TriuneCadence/MIGRATION_PLAN.md

261 lines
9.4 KiB
Markdown

# Python 3 Migration Plan
## Scope
The original system is a cooperative composition pipeline built from three neural subsystems:
- `Bach`: a Hopfield-Tank note generator over a 5-position by 8-note grid.
- `Salieri`: a back-propagation critic trained against a rule-based classical-sequence supervisor.
- `Beethoven`: an ART1 novelty/category network over the note sequence plus one classicality bit.

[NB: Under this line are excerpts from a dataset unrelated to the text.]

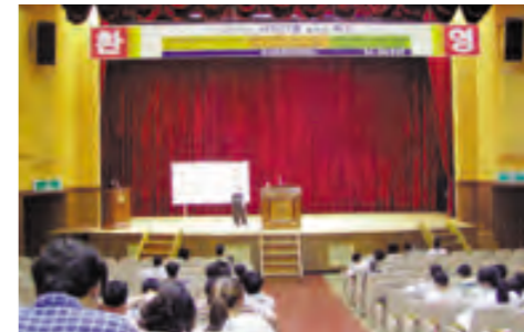
지난 22일 진행된 ‘예비취업자들의 권리...’ 강연회.

취업 준비생이 원하는 것은 취업 그 자체가 아니라 사회 초년생으로서 성공적으로 세상을 살아가는 일이다. 때문에 자신의 권리를 정당하게 주장하고 자신을 효율적으로 관리하는 능력을 키우는 일은 분명 토익점수를 올리는 것만큼이나 중요할 것이다. 졸업준비위원회(위원장=현재형)가 지난 22일부터 사흘간 진행한 ‘자신있는 사회진출을 위한 강연회’
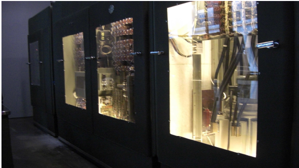
Abbildung 1 Müzedeki dünyanın en eski bilgisayarı

20 Haziran 2010 tarihinde 'Zentrum für Kunst und Medientechnologie' e gezi düzenlenmiştir. 25 kişi etkinliğe katılmıştır. Sonrasında bir lokantada birlikte oturup, yemek yenip güzel bir gün geçirilmiştir.
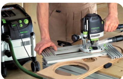
Houtstof afzuiging van een bovenfrees
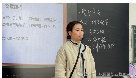
同课异构教师展示活动
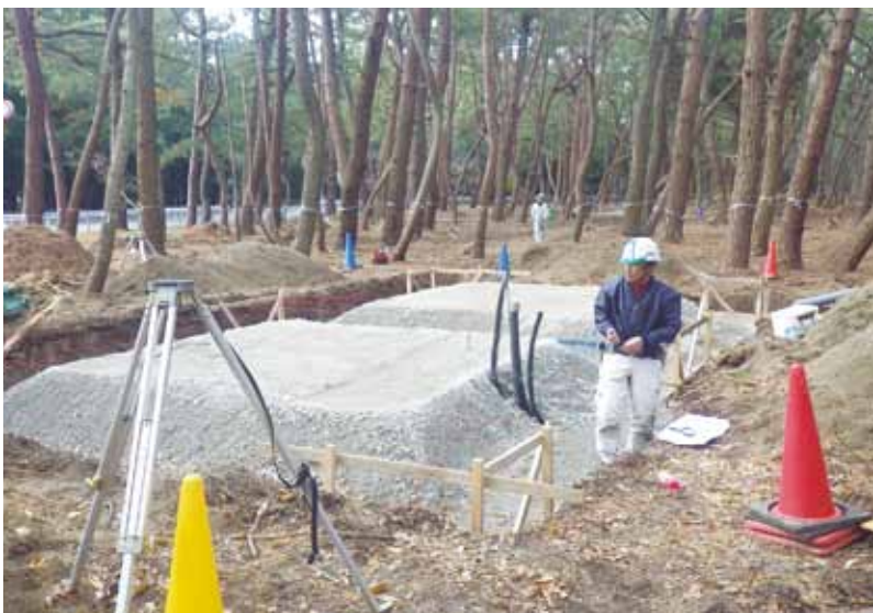
▲プロジェクトBの吉原公園
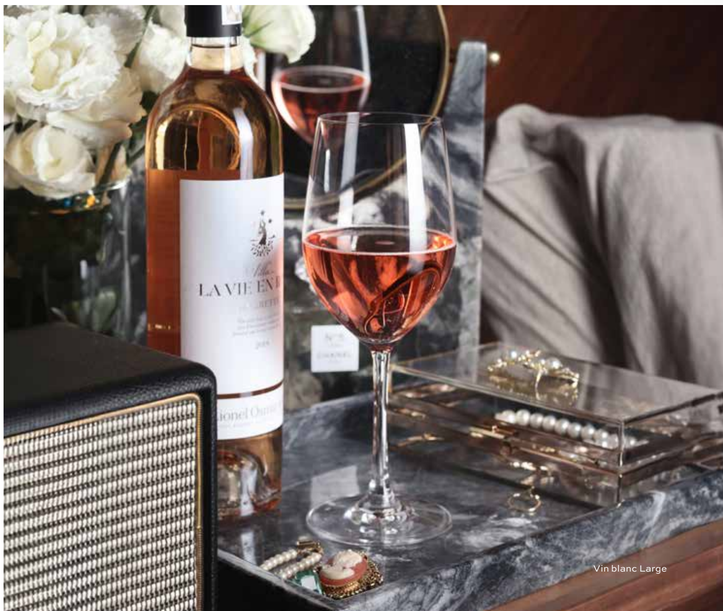
Vin blanc Large

Les verres sont volontairement soufflés plus épais. Cela les rend extrêmement robustes et, grâce à la combinaison de la forme classique et de la solidité, ils figurent parmi les classiques les plus appréciés sur les tables du monde entier.
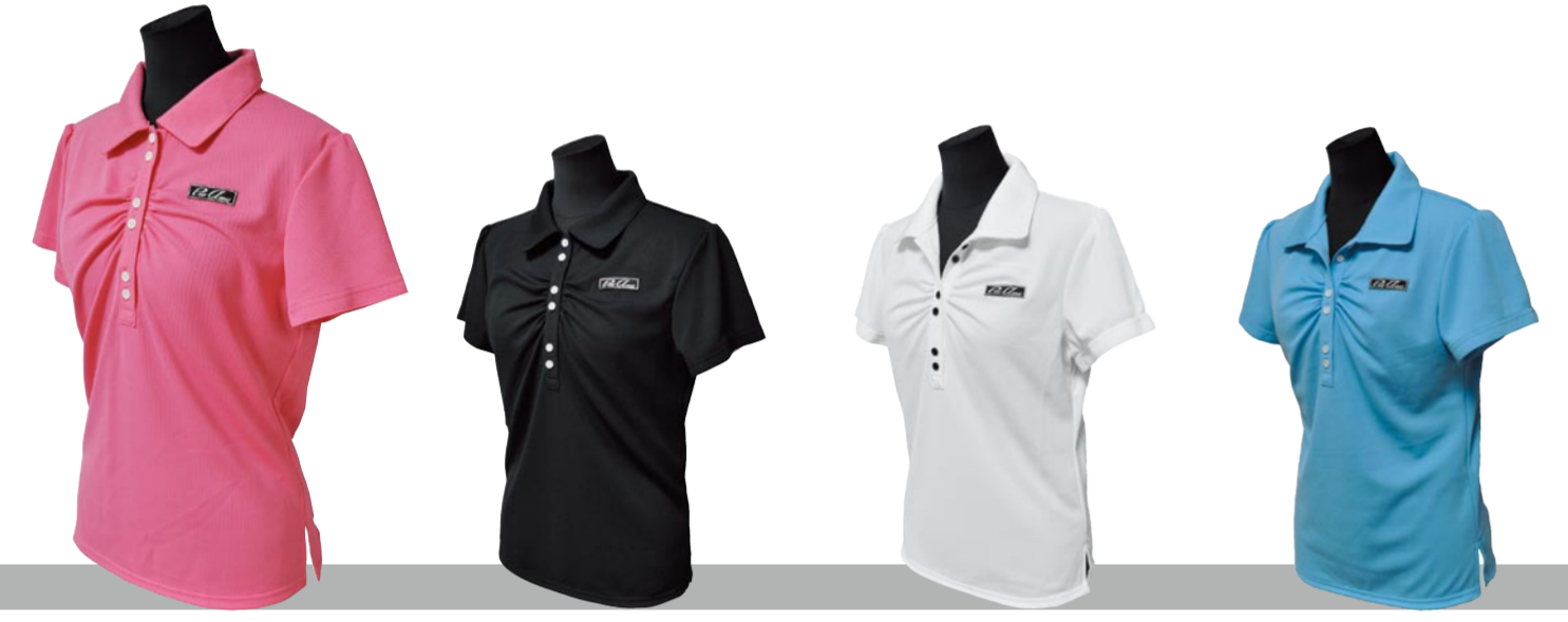
3 ピンク 2 ブラック 1 ホワイト 4 サックス
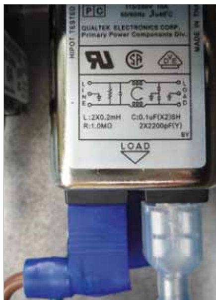
Wzmacniacz wyposażono w zintegrowany układ filtru przeciwzakłóceniewego RLC.

układy wejściowe i regulacyjne, czyli wszystkie te elementy, które funkcjonalnie związane są z panelem tylnym. Ujrzymy również idącą z niej wiązkę obsługującą układy diod kontrolnych zlokalizowanych na płycie czołowej. W górnym prawym rogu,

The immediate goal should be a Python 3 package that reproduces the Pascal algorithms and file-driven behavior closely enough to validate compatibility, while replacing the Pascal linked-list memory model with direct numeric data structures.
## What Exists Today
### Core orchestration
- `THES/ANNCOMP.PP` is the integrated driver.
- The composition loop is effectively:
1. Generate a candidate note with the Hopfield-Tank network.
2. Evaluate/train the back-propagation network using the current note window and the rule-based instructor.
3. Pass the same window plus the classical/not-classical flag into ART1.
### Shared state
- `THES/GLOBALS.PP` defines:
- fixed note vocabulary of 8 notes,
- sequence window length of 5,
- ART1 dimensions `Max_F1_nodes = 41`, `Max_F2_nodes = 25`,
- `Common_Area_`, which is the cross-network exchange object.
### Hopfield-Tank subsystem
- `THES/ANNCOMP.PP` implements `Bach` and nested `HTN`.
- The network operates on a flattened 40-cell representation: `8 notes x 5 positions`.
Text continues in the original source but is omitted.